You can also measure this value for different species independently, and from the results estimate how plants will fare living together. To start, suppose that one resource is the most limiting. Represent the amount of that limiting resource available in the environment at time \(t\) by the symbol \(R(t)\) or, for shorthand, simply \(R\). The amount in excess of minimal needs is \(R−R^{\ast}\), and that amount of excess will determine the rate of growth. A tiny excess will mean slow growth, but a larger excess can support faster growth. So the equation in Figure \(\PageIndex{2}\) shows the individual growth rate, \(1/N\,dN/dt\), being proportional to how much resource exists in excess.

As before, \(N\) measures the size of the population at time \(t\), in number of individuals, total biomass, or whatever units are relevant to the species being studied. \(R^{\ast}\) is the smallest amount of resource that can support a viable population, and m tells how the individual growth rate, \((1/N)dN/dt\), depends on the amount of resource available in excess of minimal needs.

Now let us say that \(R_{max}\) is the maximum amount of resource available in the environment, in absence of any organisms, and u is the amount of resource used by each living organism in the population. Then \(uN\) is the amount of resource tied up in the population at time \(t\). \(R_{max}\,−\,uN\,=\,R\) is the amount of resource not used by the population. This is the basis of a resource theory that assumes resources are released immediately upon death of an organism, and it has many of the important properties of more complex resource models.

Start with the above statements in algebraic form,

\[\frac{1}{N}\frac{dN}{dt}\,=\,m(R-R^{\ast})\,\,\,and\,\,\,R\,=\,R_{max}\,-uN\]

then substitute the equation on the right above into the one on the left. This gives

\(\frac{1}{N}\frac{dN}{dt}\,=\,m\,(R_{max}\,-\,uN\,-\,R^{\ast})\)
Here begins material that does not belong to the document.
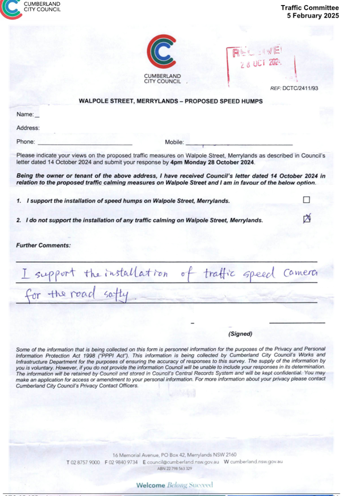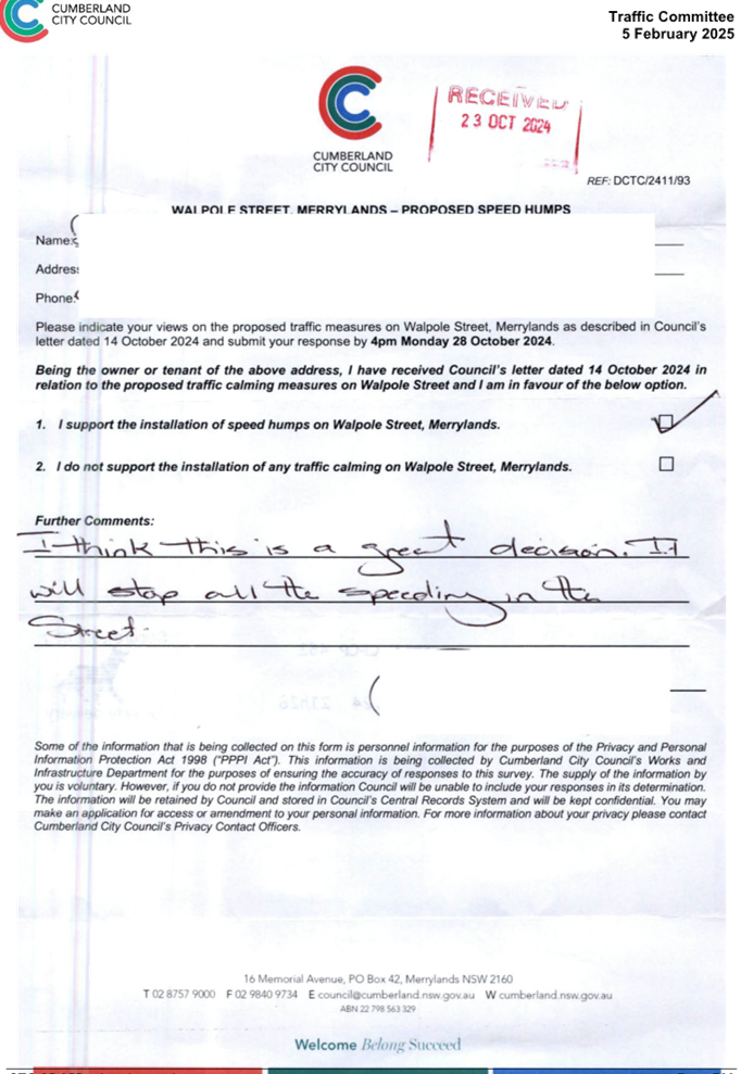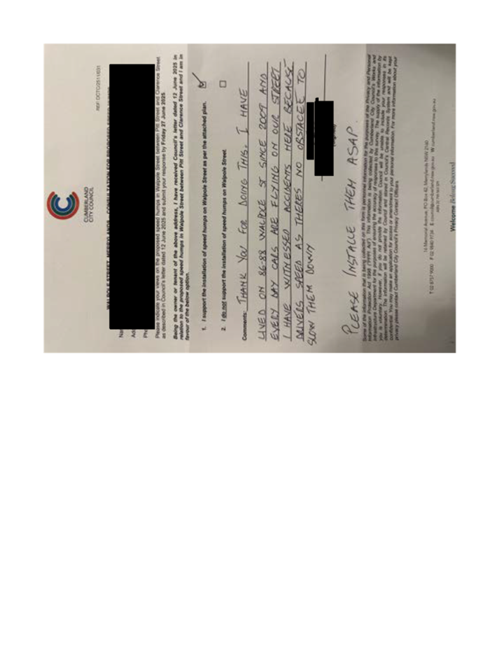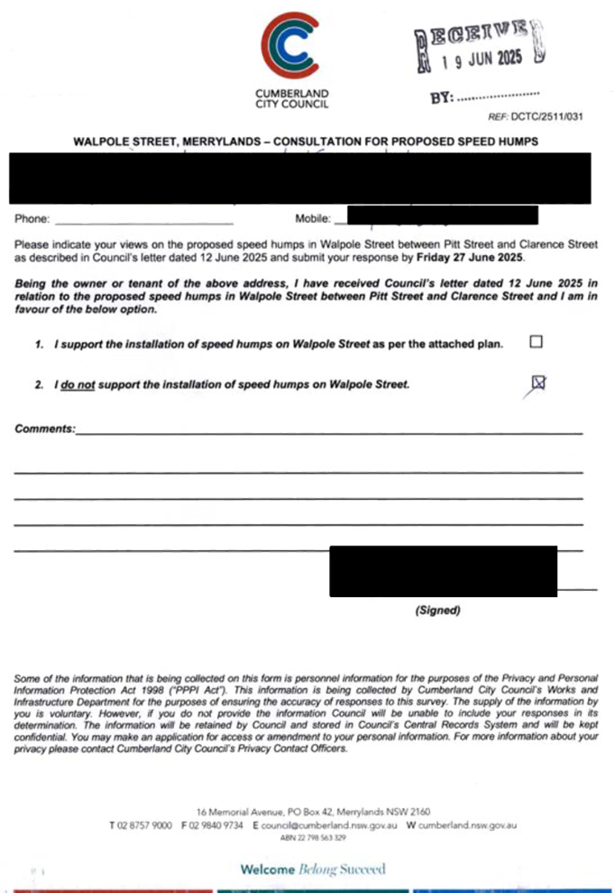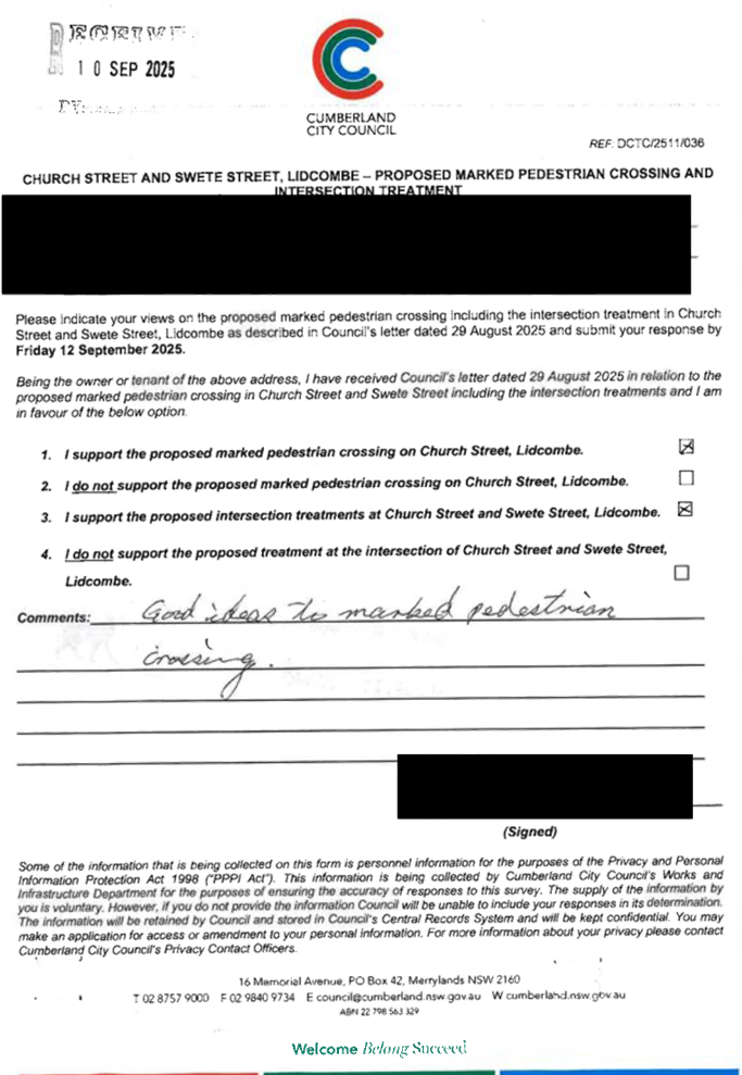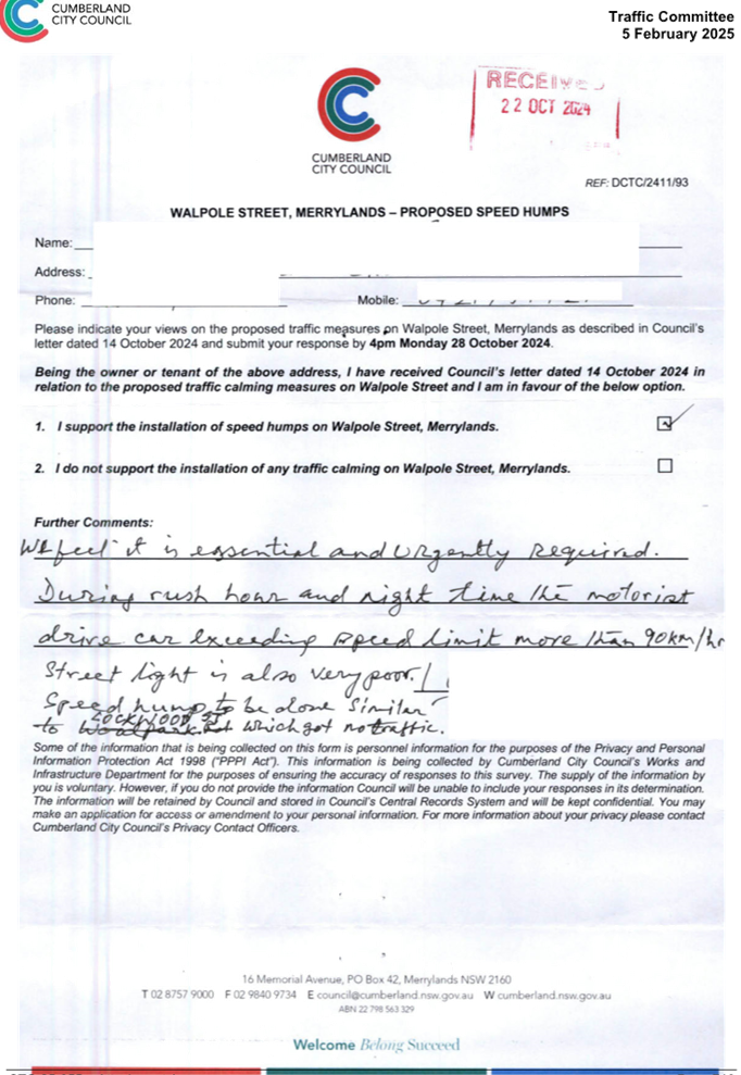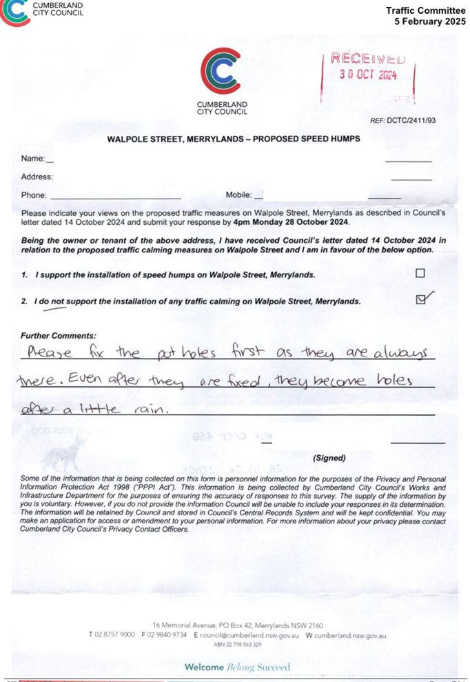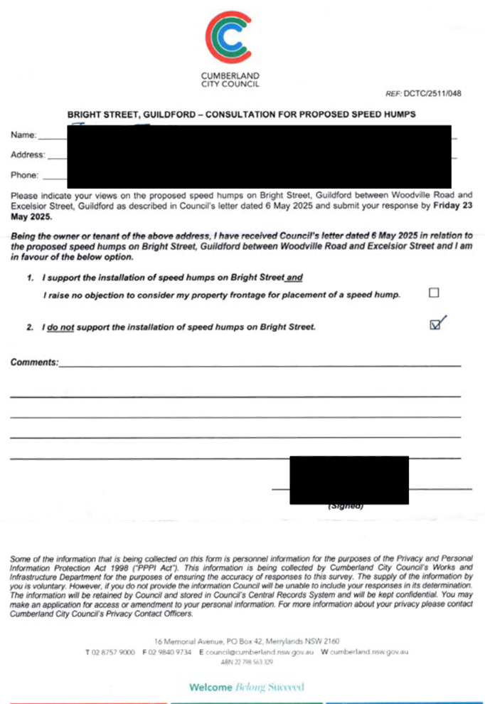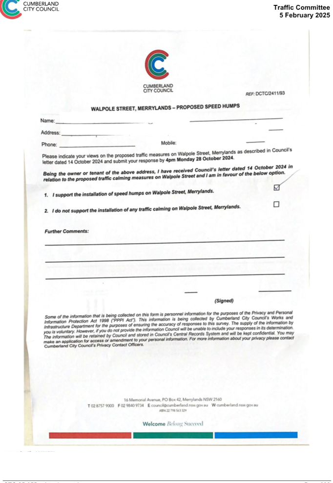 CLTF-25-205 HUNT STREET, GUILDFORD WEST - ROAD SAFETY CONCERNS – CONSULTATION RESULT

Multiplying through on the right by \(m\) and rearranging terms gives

\[\frac{1}{N}\frac{dN}{dt}\,=\,m(R_{max}\,-\,R^{\ast})\,-\,umN\]

Notice that the first term on the right is a constant and the second term is a constant times N. Does this look familiar? This is just density-regulated population growth in disguise— the \(r\,+\,sN\) model again!

\(\frac{1}{N}\frac{dN}{dt}\,=\,r+sN,\,\,\,r\,=\,m(R_{max}\,-\,R^{/ast}),\,\,\,s\,=\,-um\)

Recall that this also happened for the epidemiological \(I\) model. And it will arise occur again in future models.